→ **Source data**
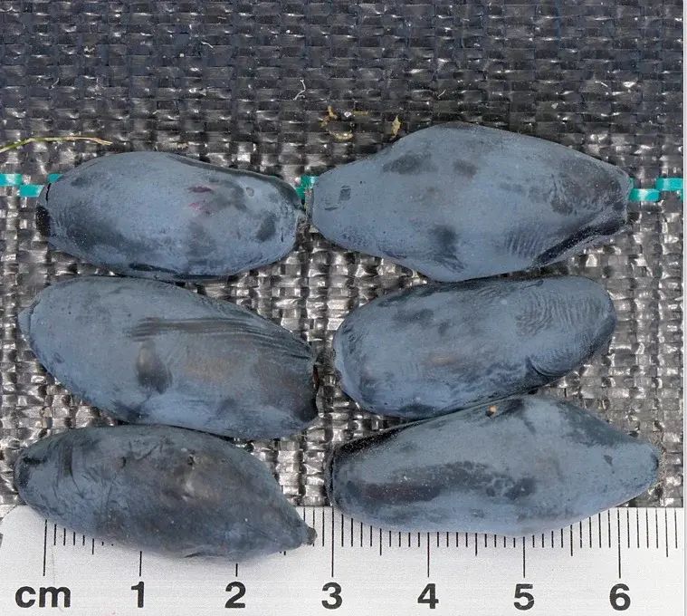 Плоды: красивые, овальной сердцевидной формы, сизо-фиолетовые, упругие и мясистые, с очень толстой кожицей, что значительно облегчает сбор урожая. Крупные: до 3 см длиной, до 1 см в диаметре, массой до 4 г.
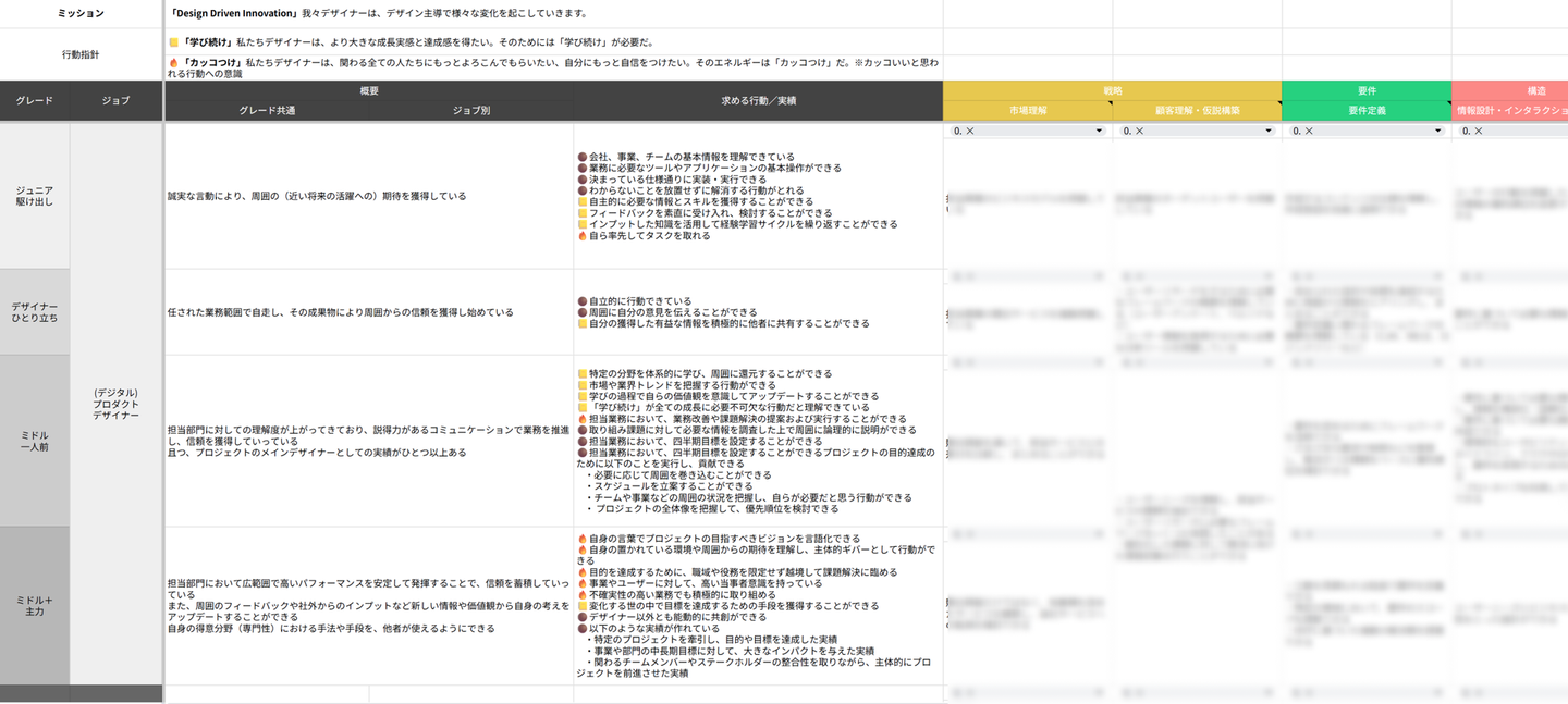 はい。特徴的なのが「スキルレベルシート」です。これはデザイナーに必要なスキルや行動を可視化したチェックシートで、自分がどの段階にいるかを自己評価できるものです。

==

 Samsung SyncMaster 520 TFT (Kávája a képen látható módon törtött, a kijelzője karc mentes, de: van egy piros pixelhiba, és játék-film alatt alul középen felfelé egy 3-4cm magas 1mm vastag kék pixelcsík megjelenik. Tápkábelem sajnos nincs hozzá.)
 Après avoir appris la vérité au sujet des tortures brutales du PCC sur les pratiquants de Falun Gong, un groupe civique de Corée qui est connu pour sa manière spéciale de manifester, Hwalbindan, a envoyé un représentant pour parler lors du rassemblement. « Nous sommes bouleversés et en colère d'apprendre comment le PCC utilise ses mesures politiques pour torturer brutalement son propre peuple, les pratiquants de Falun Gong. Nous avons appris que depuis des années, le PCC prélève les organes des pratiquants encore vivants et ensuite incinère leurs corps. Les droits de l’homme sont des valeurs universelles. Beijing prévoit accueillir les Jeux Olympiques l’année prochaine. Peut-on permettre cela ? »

---

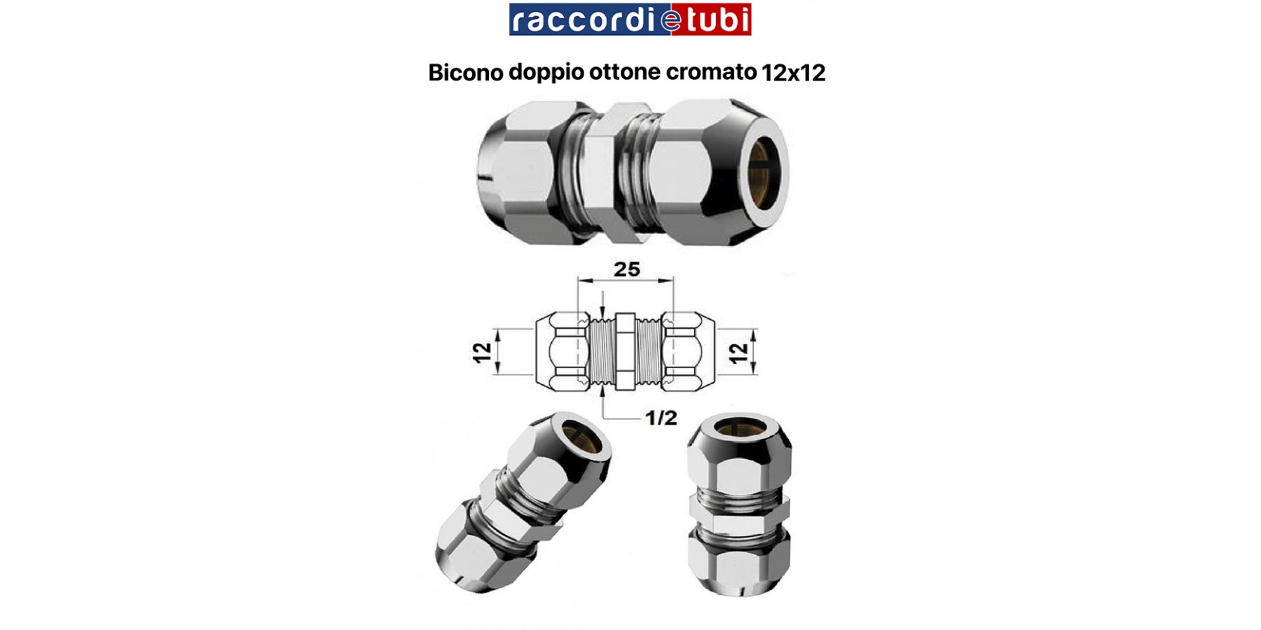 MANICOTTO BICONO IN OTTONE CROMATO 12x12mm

→ **Task directions**
Would you copy, word for word, only the lines above from the one containing "Плоды: красивые, овальной" through the one containing "はい。特徴的なのが「スキルレ", both included, and please leave out the pictures?

→ **Response**
 Плоды: красивые, овальной сердцевидной формы, сизо-фиолетовые, упругие и мясистые, с очень толстой кожицей, что значительно облегчает сбор урожая. Крупные: до 3 см длиной, до 1 см в диаметре, массой до 4 г.
 はい。特徴的なのが「スキルレベルシート」です。これはデザイナーに必要なスキルや行動を可視化したチェックシートで、自分がどの段階にいるかを自己評価できるものです。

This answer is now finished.